[Start of Attachment]
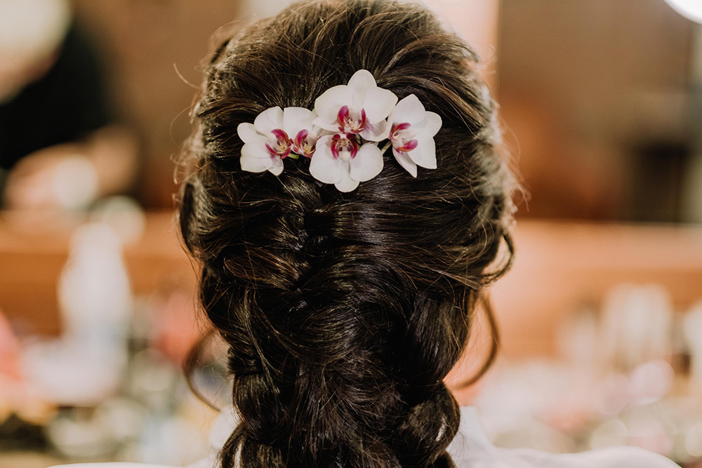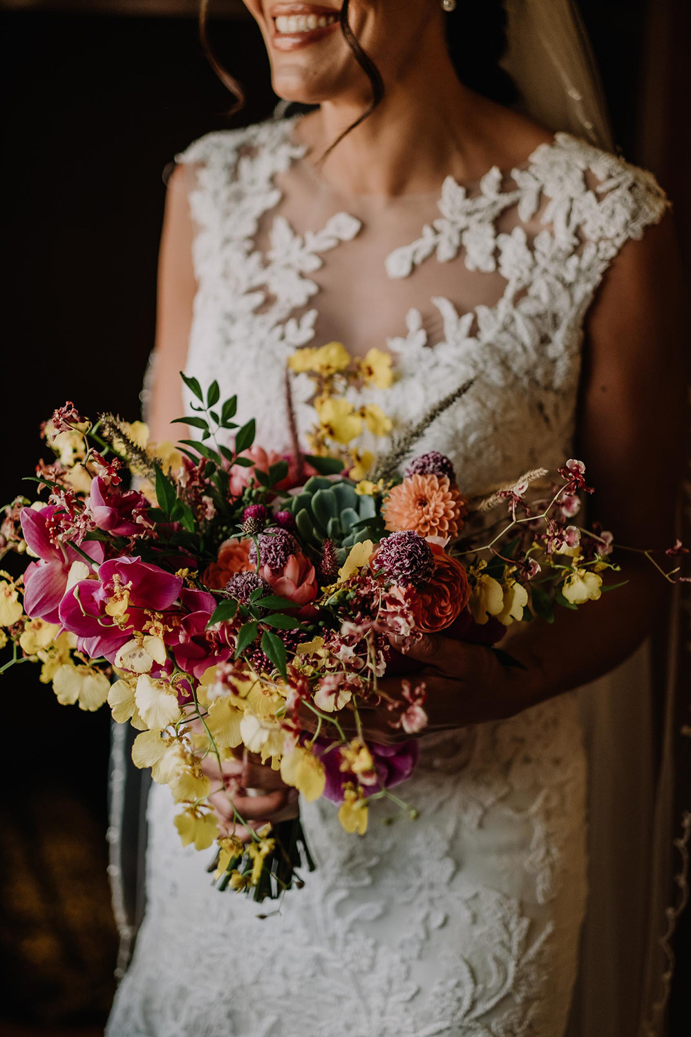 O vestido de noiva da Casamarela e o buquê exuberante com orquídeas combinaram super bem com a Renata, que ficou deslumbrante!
[End of Attachment]
[Start of Attachment]
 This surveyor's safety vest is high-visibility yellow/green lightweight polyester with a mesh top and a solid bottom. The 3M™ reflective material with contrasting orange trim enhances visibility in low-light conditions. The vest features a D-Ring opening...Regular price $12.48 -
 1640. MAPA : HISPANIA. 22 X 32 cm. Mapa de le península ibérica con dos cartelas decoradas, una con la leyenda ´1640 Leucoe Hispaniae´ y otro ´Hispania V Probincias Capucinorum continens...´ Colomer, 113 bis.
[End of Attachment]
[Start of Attachment]
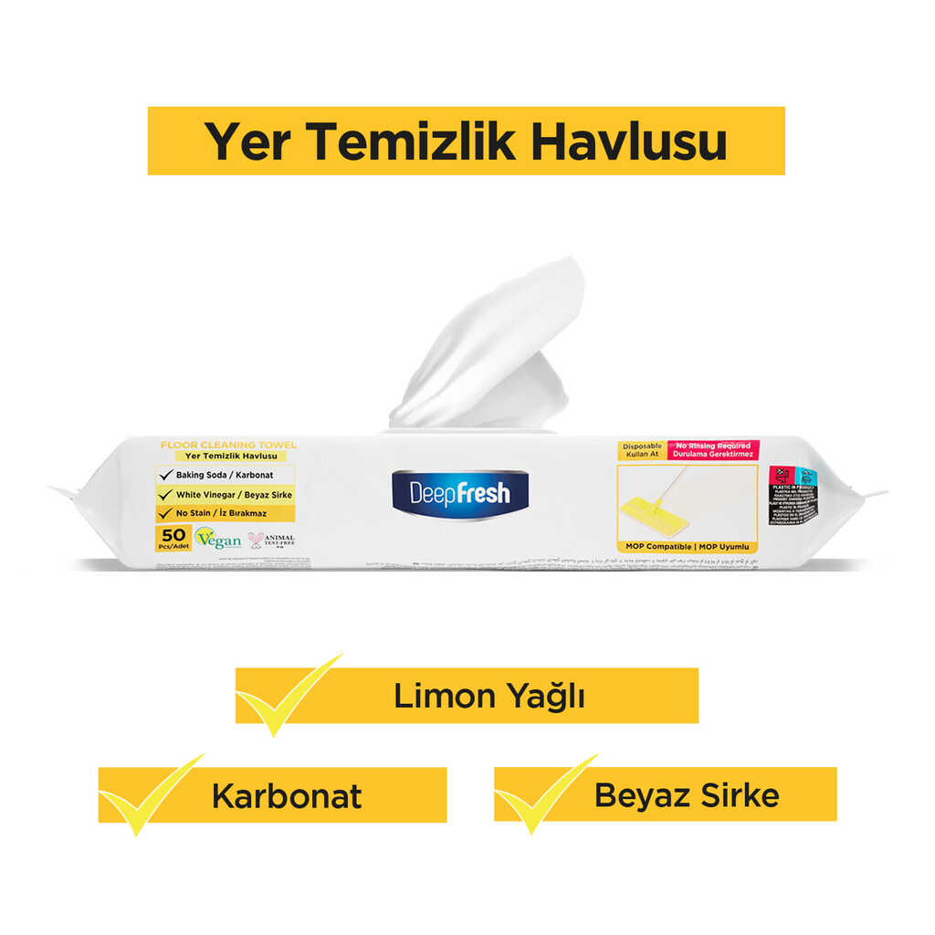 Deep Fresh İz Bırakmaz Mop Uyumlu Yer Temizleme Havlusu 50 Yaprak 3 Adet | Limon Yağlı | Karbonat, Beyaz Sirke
[End of Attachment]
Among the entries above, copy exactly only the lines starting with the one containing "This surveyor's safety" and going through the one containing "1640. MAPA : HISPANIA.", both ends included.

▶ **Response area**:
 This surveyor's safety vest is high-visibility yellow/green lightweight polyester with a mesh top and a solid bottom. The 3M™ reflective material with contrasting orange trim enhances visibility in low-light conditions. The vest features a D-Ring opening...Regular price $12.48 -
 1640. MAPA : HISPANIA. 22 X 32 cm. Mapa de le península ibérica con dos cartelas decoradas, una con la leyenda ´1640 Leucoe Hispaniae´ y otro ´Hispania V Probincias Capucinorum continens...´ Colomer, 113 bis.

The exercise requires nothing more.